DataX

DataX:异构数据源离线同步工具
源码地址:https://github.com/alibaba/DataX

在这里插入图片描述

下载地址:http://datax-opensource.oss-cn-hangzhou.aliyuncs.com/datax.tar.gz
·安装过后自检
	·python /bin/datax.py /job/job.json
·dataX的使用:只需根据自己同步数据的数据源和目的地选择相应的Reader和Writer
	·查看dataX配置文件模板
		·python /bin/datax.py -r mysqlreader -w hdfswriter
·Reader和Writer的具体参数可参考官方文档,地址如下:
	·https://github.com/alibaba/DataX/blob/master/README.md 
	·https://gitee.com/mirrors/DataX/blob/master/README.md		
·查看hdfs的gzip压缩文件
	·hadoop fs -cat / |zcat
MySQLReader TableMode和HDFSWriter同步案例
{
    "job": {
        "content": [
            {
                "reader": {
                    "name": "mysqlreader", 
                    "parameter": {
                   		 //对应mysql表字段
                        "column": [ 
                            "id",
                            "activity_name",
                            "activity_type",
                            "activity_desc",
                            "start_time",
                            "end_time",
                            "create_time"
                        ],
                        "connection": [
                            {
                                "jdbcUrl": ["jdbc:mysql://hadoop101:3306/gmall"], 
                                "table": [
                                    "gmall"
                                ]
                            }
                        ], 
                        "password": "123456", 
                        "username": "root"
                    }
                }, 
                "writer": {
                    "name": "hdfswriter", 
                    "parameter": {
                        "column": [
                            {
                                "name": "id",
                                "type": "bigint"
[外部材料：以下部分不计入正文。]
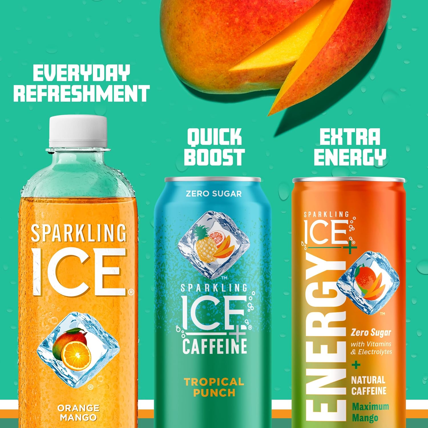 - ZERO SUGAR Pretty sweet, right? Sparkling Ice Orange Mango brings on all the taste you’ve been missing, while making the sugar go missing, too
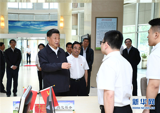 7月15日至16日,中共中央總書記、國家主席、中央軍委主席習(xí)近平在內(nèi)蒙古考察并指導(dǎo)開展“不忘初心、牢記使命”主題教育。這是16日上午,習(xí)近平在內(nèi)蒙古自治區(qū)自然資源廳自然資源政務(wù)大廳同工作人員交談,了解開展主題教育和落實(shí)便捷高效政務(wù)服務(wù)等情況。 新華社記者 謝環(huán)馳 攝

                            },
                            {
                                "name": "activity_name",
                                "type": "string"
                            },
                            {
                                "name": "activity_type",
                                "type": "string"
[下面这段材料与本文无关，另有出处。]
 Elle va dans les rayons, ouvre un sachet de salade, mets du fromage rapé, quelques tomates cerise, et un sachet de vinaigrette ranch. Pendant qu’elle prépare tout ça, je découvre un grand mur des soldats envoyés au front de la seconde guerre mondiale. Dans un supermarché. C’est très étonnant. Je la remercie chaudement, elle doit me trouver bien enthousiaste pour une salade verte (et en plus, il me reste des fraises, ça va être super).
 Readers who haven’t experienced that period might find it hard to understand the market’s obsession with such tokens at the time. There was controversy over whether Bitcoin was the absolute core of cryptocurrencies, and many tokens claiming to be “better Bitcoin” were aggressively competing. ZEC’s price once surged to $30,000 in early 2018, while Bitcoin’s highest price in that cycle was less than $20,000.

                            },
                            {
                                "name": "activity_desc",
                                "type": "string"
                            },
                            {
                                "name": "start_time",
                                "type": "string"
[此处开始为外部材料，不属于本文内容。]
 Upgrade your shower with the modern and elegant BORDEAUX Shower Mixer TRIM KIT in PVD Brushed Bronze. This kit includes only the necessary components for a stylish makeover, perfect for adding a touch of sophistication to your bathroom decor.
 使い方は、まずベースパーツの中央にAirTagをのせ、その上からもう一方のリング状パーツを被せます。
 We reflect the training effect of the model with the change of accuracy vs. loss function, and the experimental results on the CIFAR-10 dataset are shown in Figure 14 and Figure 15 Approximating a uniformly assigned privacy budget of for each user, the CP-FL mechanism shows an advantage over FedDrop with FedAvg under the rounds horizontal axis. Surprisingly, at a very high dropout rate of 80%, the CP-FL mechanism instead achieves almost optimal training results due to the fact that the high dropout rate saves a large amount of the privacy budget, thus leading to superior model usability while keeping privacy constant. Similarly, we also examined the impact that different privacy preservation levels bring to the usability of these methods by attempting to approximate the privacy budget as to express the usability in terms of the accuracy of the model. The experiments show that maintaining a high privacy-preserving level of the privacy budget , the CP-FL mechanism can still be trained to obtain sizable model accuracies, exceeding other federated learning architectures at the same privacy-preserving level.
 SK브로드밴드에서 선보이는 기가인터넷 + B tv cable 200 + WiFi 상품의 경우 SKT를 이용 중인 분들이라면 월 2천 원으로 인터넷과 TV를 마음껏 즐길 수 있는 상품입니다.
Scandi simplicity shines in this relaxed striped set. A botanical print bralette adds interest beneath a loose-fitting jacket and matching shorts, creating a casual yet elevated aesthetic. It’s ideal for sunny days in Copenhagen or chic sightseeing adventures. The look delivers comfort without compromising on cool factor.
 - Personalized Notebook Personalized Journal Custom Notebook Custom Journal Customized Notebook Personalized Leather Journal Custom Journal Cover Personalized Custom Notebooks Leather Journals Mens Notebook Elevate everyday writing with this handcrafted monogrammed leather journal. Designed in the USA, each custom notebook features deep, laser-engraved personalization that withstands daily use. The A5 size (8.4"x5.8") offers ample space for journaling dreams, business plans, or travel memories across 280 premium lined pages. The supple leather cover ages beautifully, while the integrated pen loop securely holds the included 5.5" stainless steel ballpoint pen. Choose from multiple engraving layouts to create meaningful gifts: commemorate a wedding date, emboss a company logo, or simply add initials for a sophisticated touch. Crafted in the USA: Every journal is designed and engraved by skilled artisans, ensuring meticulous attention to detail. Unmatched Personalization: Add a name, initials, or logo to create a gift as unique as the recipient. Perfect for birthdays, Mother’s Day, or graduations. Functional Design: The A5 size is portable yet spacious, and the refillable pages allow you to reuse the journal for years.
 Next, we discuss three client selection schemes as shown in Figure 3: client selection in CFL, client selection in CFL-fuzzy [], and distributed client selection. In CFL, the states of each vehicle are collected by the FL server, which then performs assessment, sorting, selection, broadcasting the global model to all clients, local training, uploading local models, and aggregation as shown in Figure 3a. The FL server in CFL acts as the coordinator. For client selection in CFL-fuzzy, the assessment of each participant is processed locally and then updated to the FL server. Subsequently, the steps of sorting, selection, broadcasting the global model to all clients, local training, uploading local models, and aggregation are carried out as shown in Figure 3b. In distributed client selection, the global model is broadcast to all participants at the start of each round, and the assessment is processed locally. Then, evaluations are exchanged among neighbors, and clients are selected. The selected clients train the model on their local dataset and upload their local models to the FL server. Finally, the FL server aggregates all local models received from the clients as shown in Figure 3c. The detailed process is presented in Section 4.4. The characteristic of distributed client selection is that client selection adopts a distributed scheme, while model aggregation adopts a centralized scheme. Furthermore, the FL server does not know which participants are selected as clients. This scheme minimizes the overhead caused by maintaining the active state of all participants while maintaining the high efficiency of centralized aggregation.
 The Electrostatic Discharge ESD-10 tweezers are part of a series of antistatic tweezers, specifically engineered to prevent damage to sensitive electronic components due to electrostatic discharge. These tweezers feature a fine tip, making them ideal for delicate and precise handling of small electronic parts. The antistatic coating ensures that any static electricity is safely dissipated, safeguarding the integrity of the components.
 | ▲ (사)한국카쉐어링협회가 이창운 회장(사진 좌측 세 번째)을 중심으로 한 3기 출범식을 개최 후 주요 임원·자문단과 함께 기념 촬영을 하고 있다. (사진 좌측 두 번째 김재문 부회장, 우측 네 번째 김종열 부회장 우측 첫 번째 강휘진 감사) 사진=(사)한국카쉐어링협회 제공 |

                            },
                            {
                                "name": "end_time",
                                "type": "string"
                            },
                            {
                                "name": "create_time",
                                "type": "string"
                            }
                        ], 
                        "compress": "gzip", 
                        //HDFS文件系统namenode节点地址hdfs://xxx:8020
                        "defaultFS": "hdfs://hadoop101:8020", 
                         //列的分隔符
                        "fieldDelimiter": "\t", 
                        "fileName": "activity_info", 
                        "fileType": "text", 
                        "path": "/origin_data/gmall/db/activity_info_full/${dt}",
                        "writeMode": "append" 
                    }
                }
            }
        ], 
        "setting": {
            "speed": {
                "channel": "1"
            }
        }
    }
}
MysqlReader之QuerySQLMode
{
    "job": {
        "content": [
            {
                "reader": {
                    "name": "mysqlreader",
                    "parameter": {
                        "connection": [
                            {
                                "jdbcUrl": [
                                    "jdbc:mysql://hadoop101:3306/gmall"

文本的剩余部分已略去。